When you return the data, keep every line exactly as it is and leave out the pictures.

== Data for review ==

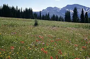 Trophy Mountain (locally called Trophy Mountains or The Trophies) is a mountain in east-central British Columbia, Canada, located in the south-east region of Wells Gray Provincial Park. The Clearwater River flows to the west, Raft River to the east and Spahats Creek to the south. Trophy Mountain is part of the Shuswap Highland. There are nine summits in the group and the highest is 2,577 m (8,455 ft). Battle Mountain and Table Mountain are the closest summits to the north and Raft Mountain is immediately south.[3] Trophy Mountain was given its name by Dan Case, a big-game hunting guide in the area.[4]: 273
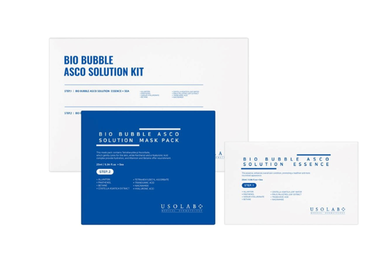 Карбоксітерапія 2-в-1 з ефектом кисневого ліфтингу Usolab Bio Bubble Asco Solution 1 процедура Професійний двоетапний догляд, що замінить салонну процедуру будинку. Глибоко зволожує, освітлює та відновлює шкіру вже після першого застосування. Що входить до комплекту: 1. Есенція (Step 1) Прозора формула, насичена гіалуроновою кислотою, ніацинамідом та рослинними екстрактами. Зволожує, знімає подразнення, готує шкіру. 2. Маска (Step 2) Просочена активною есенцією. При контакті зі шкірою та киснем формує мікро-бульбашки. Вони допомагають компонентам проникнути глибше та активізувати відновлення.
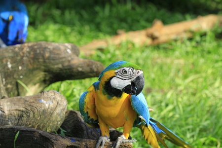 Blue-and-yellow macaw (Ara ararauna), big clever bright parrot.
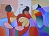 He uses vibrant and saturated colors. His figures are imaginitive and his style is original, pure and simple. He rarely exhibits his works, but lately he has started to show his paintings in Seyhoun Gallery at Melrose Avenue in Los Angeles.
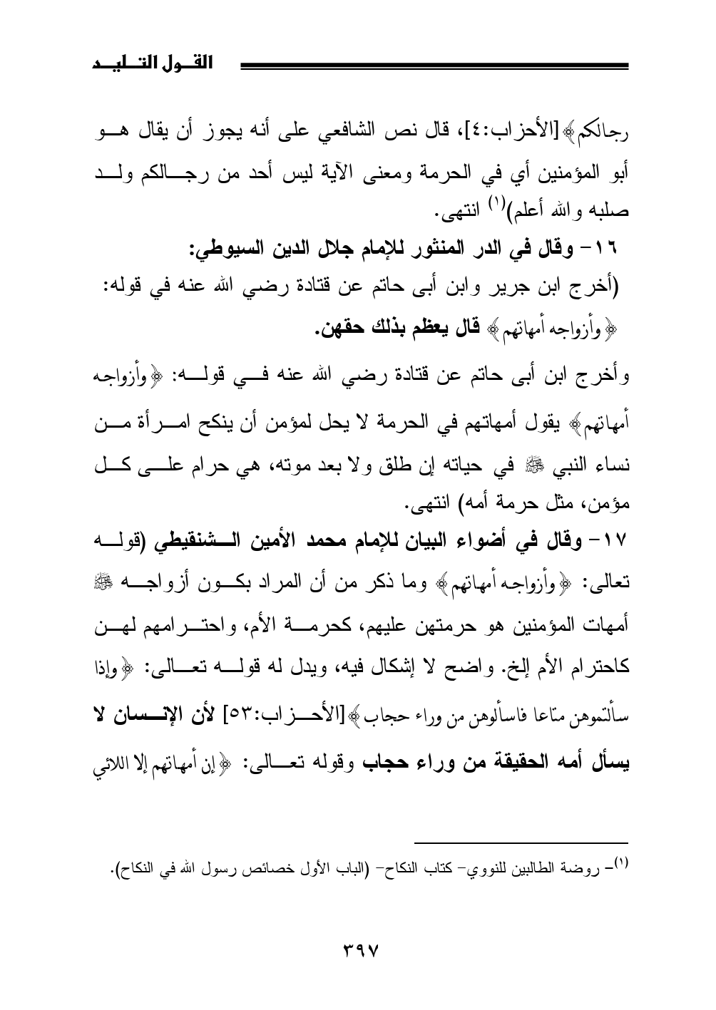 17 - وقال في أضواء البيان للإمام محمد الأمين الشنقيطي (قوله تعالى: {وأزواجه أمهاتهم} وما ذكر من أن المراد بكون أزواجه - صلى الله عليه وسلم - أمهات المؤمنين هو حرمتهن عليهم، كحرمة الأم، واحترامهم لهن كاحترام الأم إلخ. واضح لا إشكال فيه، ويدل له قوله تعالى: {وإذا سألتموهن متاعا فاسألوهن من وراء حجاب} [الأحزاب: 53] لأن الإنسان لا يسأل أمه الحقيقة من وراء حجاب وقوله تعالى: {إن أمهاتهم إلا اللائي
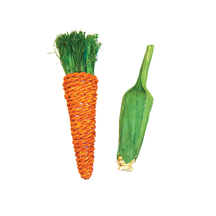 Τα Carrot & Corn Chew Toy είναι παιχνίδια σε σχήμα καρότου και καλαμποκιού σε λαμπερά χρώματα, ασφαλή για ροκάνισμα. Αυτά τα παιχνίδια δίνουν στους ιδιοκτήτες τρωκτικών την ευκαιρία να προσφέρουν στο κατοικίδιό τους ευχάριστη απασχόληση. Φτιαγμένα από φυσικά υλικά με μη τοξικές βαφές, είναι ασφαλή και διασκεδαστικά για τα τρωκτικά.
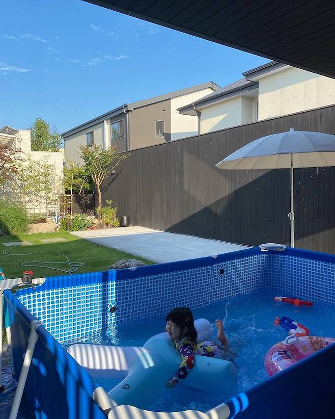 여름에는 간이 수영장을 펼치고 아이와 물놀이를 즐깁니다.
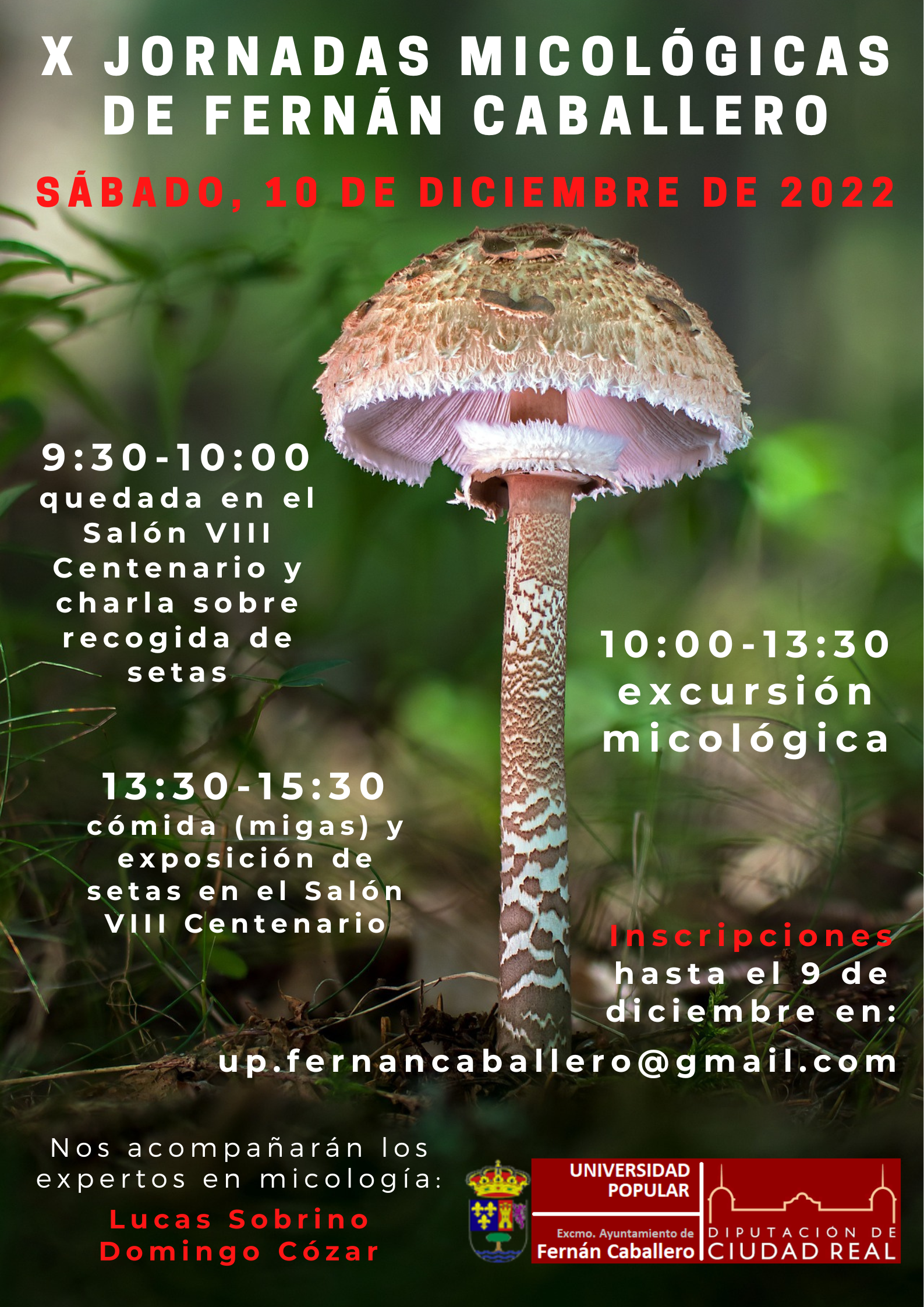 X JORNADAS MICOLÓGICAS DE FERNÁN CABALLERO. Sábado, 10 de diciembre 2022. De 9:30 - 10:00 Quedada en el Salón VIII…
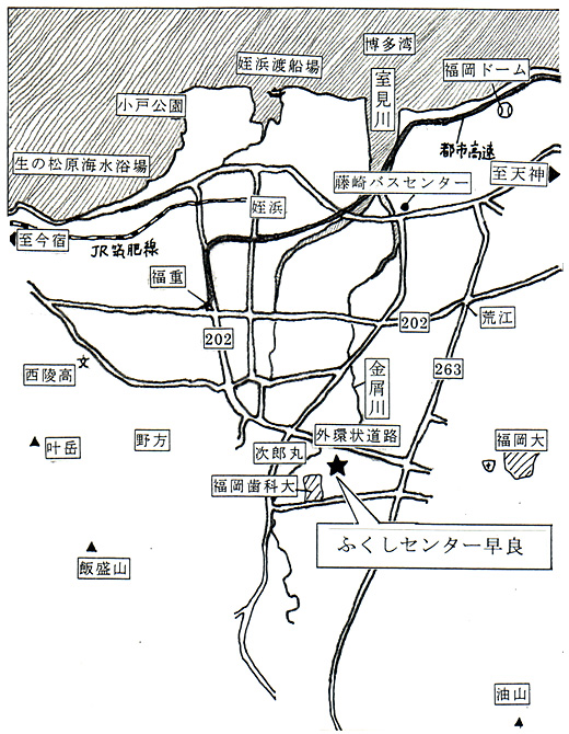 福重出口が合流する外環状道路を直進(道なりに進み)し、室見(むろみ)川を渡った4つ目の「次郎丸中学東交差点」を右折後、すぐに左に入った先を直進した「田隈新町交差点」右角の手前2軒目。
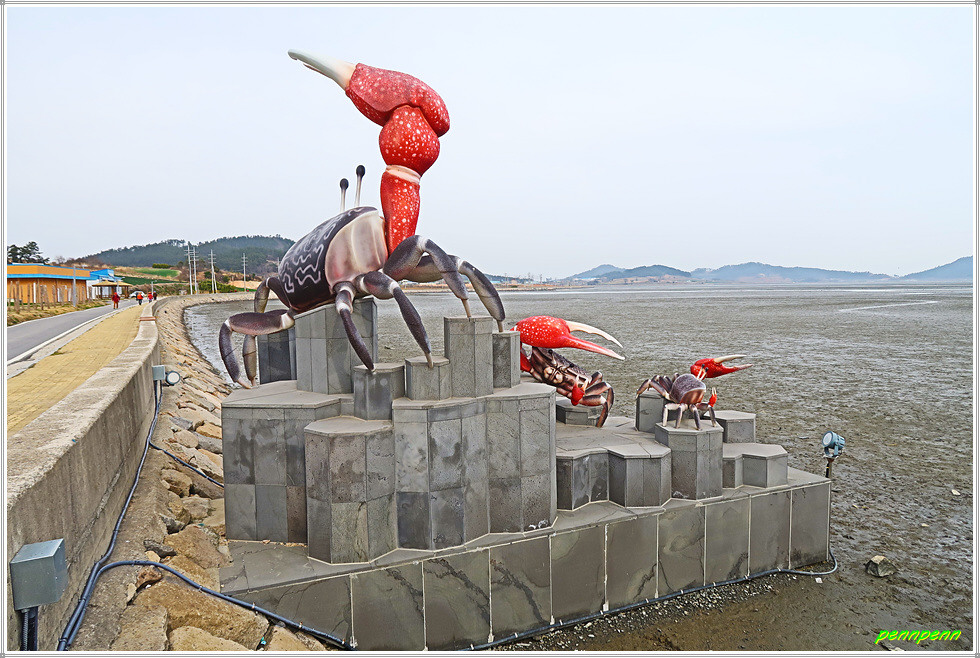 드디어 목적지인 신안젓갈타운입니다. 신안젓갈타운은 신안의 대표상품인 소금과 젓갈류를 구입할 수 있는 곳입니다. 여기서 남쪽으로 작은 섬이 하나 있는데 바로 거북섬입니다. 2021. 9월 신안군은 길이 430m, 폭 2.4m의 해상데크 길을 조성해 사람들은 거북섬을 안전하게 돌아볼 수 있게 되었습니다. 해상데크로드 입구에 조성된 거대한 농게 조형물은 방문객들에게 매우 인기입니다. 특히 수컷 농게는 한쪽의 집게다리가 매우 커서 좌우 비대칭인게 특징입니다. 거북섬에는 거북이 모형의 조형물과 거북이를 형상화한 액자틀이 있어 기념사진을 찍을 수 있습니다.
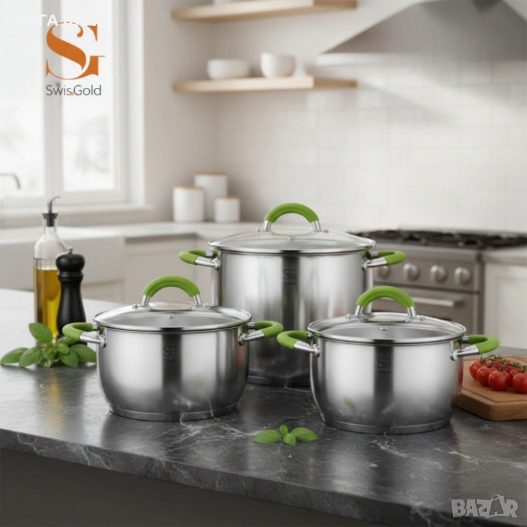 Комплект тенджери Swisgold Alana – 3 броя с капак от неръждаема стомана с 5-слойно капсулно дъно
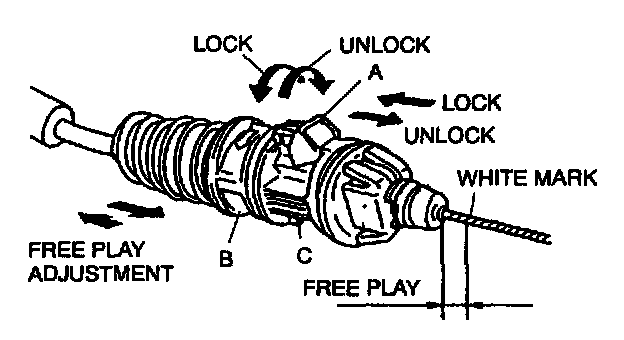 NOTE: To measure the cable free play, push the cable into the housing and put a white mark on the cable at the end of the housing. Then pull the cable out and measure distance from the white mark to the end of the cable housing.
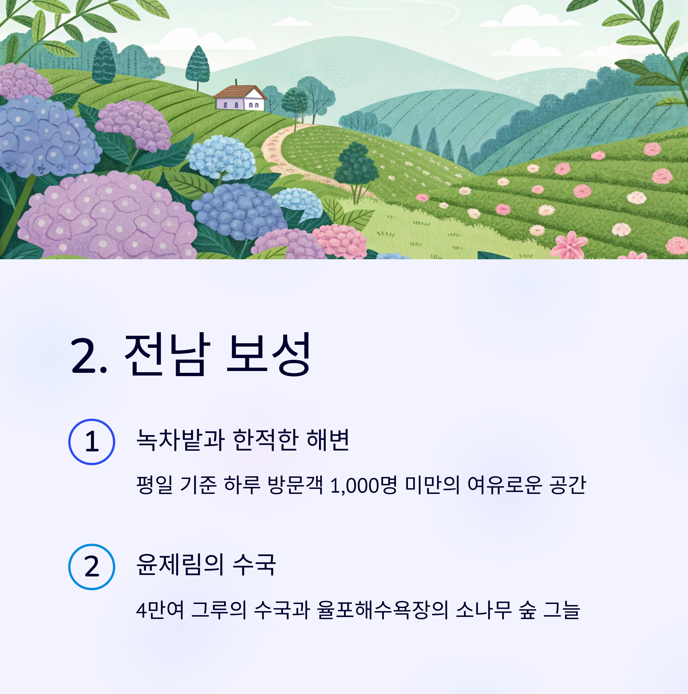 2. 전남 보성 – 대한다원의 녹차 향기와 율포해변의 청량함
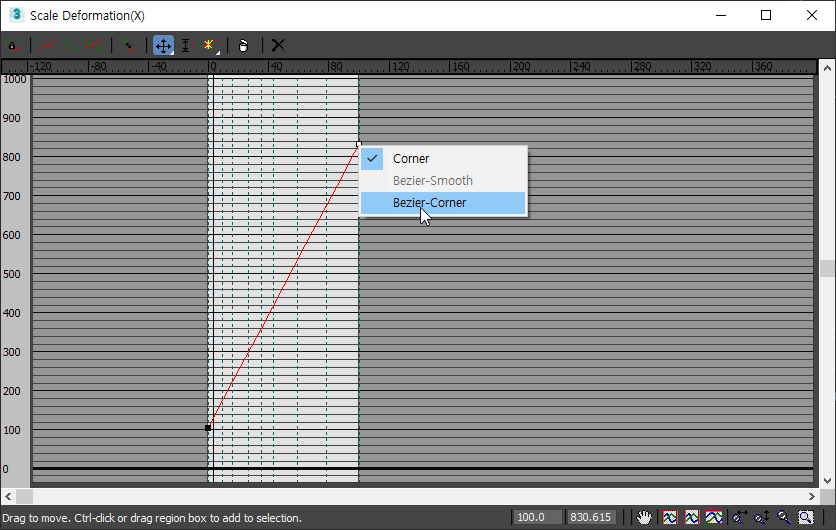 10)포인트를 선택하고 우클릭 메뉴에서 bezier - corner를 선택합니다.

===

### [Worked solution]
 Trophy Mountain (locally called Trophy Mountains or The Trophies) is a mountain in east-central British Columbia, Canada, located in the south-east region of Wells Gray Provincial Park. The Clearwater River flows to the west, Raft River to the east and Spahats Creek to the south. Trophy Mountain is part of the Shuswap Highland. There are nine summits in the group and the highest is 2,577 m (8,455 ft). Battle Mountain and Table Mountain are the closest summits to the north and Raft Mountain is immediately south.[3] Trophy Mountain was given its name by Dan Case, a big-game hunting guide in the area.[4]: 273
 Карбоксітерапія 2-в-1 з ефектом кисневого ліфтингу Usolab Bio Bubble Asco Solution 1 процедура Професійний двоетапний догляд, що замінить салонну процедуру будинку. Глибоко зволожує, освітлює та відновлює шкіру вже після першого застосування. Що входить до комплекту: 1. Есенція (Step 1) Прозора формула, насичена гіалуроновою кислотою, ніацинамідом та рослинними екстрактами. Зволожує, знімає подразнення, готує шкіру. 2. Маска (Step 2) Просочена активною есенцією. При контакті зі шкірою та киснем формує мікро-бульбашки. Вони допомагають компонентам проникнути глибше та активізувати відновлення.
 Blue-and-yellow macaw (Ara ararauna), big clever bright parrot.
 He uses vibrant and saturated colors. His figures are imaginitive and his style is original, pure and simple. He rarely exhibits his works, but lately he has started to show his paintings in Seyhoun Gallery at Melrose Avenue in Los Angeles.
 17 - وقال في أضواء البيان للإمام محمد الأمين الشنقيطي (قوله تعالى: {وأزواجه أمهاتهم} وما ذكر من أن المراد بكون أزواجه - صلى الله عليه وسلم - أمهات المؤمنين هو حرمتهن عليهم، كحرمة الأم، واحترامهم لهن كاحترام الأم إلخ. واضح لا إشكال فيه، ويدل له قوله تعالى: {وإذا سألتموهن متاعا فاسألوهن من وراء حجاب} [الأحزاب: 53] لأن الإنسان لا يسأل أمه الحقيقة من وراء حجاب وقوله تعالى: {إن أمهاتهم إلا اللائي
 Τα Carrot & Corn Chew Toy είναι παιχνίδια σε σχήμα καρότου και καλαμποκιού σε λαμπερά χρώματα, ασφαλή για ροκάνισμα. Αυτά τα παιχνίδια δίνουν στους ιδιοκτήτες τρωκτικών την ευκαιρία να προσφέρουν στο κατοικίδιό τους ευχάριστη απασχόληση. Φτιαγμένα από φυσικά υλικά με μη τοξικές βαφές, είναι ασφαλή και διασκεδαστικά για τα τρωκτικά.
 여름에는 간이 수영장을 펼치고 아이와 물놀이를 즐깁니다.
 X JORNADAS MICOLÓGICAS DE FERNÁN CABALLERO. Sábado, 10 de diciembre 2022. De 9:30 - 10:00 Quedada en el Salón VIII…
 福重出口が合流する外環状道路を直進(道なりに進み)し、室見(むろみ)川を渡った4つ目の「次郎丸中学東交差点」を右折後、すぐに左に入った先を直進した「田隈新町交差点」右角の手前2軒目。
 드디어 목적지인 신안젓갈타운입니다. 신안젓갈타운은 신안의 대표상품인 소금과 젓갈류를 구입할 수 있는 곳입니다. 여기서 남쪽으로 작은 섬이 하나 있는데 바로 거북섬입니다. 2021. 9월 신안군은 길이 430m, 폭 2.4m의 해상데크 길을 조성해 사람들은 거북섬을 안전하게 돌아볼 수 있게 되었습니다. 해상데크로드 입구에 조성된 거대한 농게 조형물은 방문객들에게 매우 인기입니다. 특히 수컷 농게는 한쪽의 집게다리가 매우 커서 좌우 비대칭인게 특징입니다. 거북섬에는 거북이 모형의 조형물과 거북이를 형상화한 액자틀이 있어 기념사진을 찍을 수 있습니다.
 Комплект тенджери Swisgold Alana – 3 броя с капак от неръждаема стомана с 5-слойно капсулно дъно
 NOTE: To measure the cable free play, push the cable into the housing and put a white mark on the cable at the end of the housing. Then pull the cable out and measure distance from the white mark to the end of the cable housing.
 2. 전남 보성 – 대한다원의 녹차 향기와 율포해변의 청량함
 10)포인트를 선택하고 우클릭 메뉴에서 bezier - corner를 선택합니다.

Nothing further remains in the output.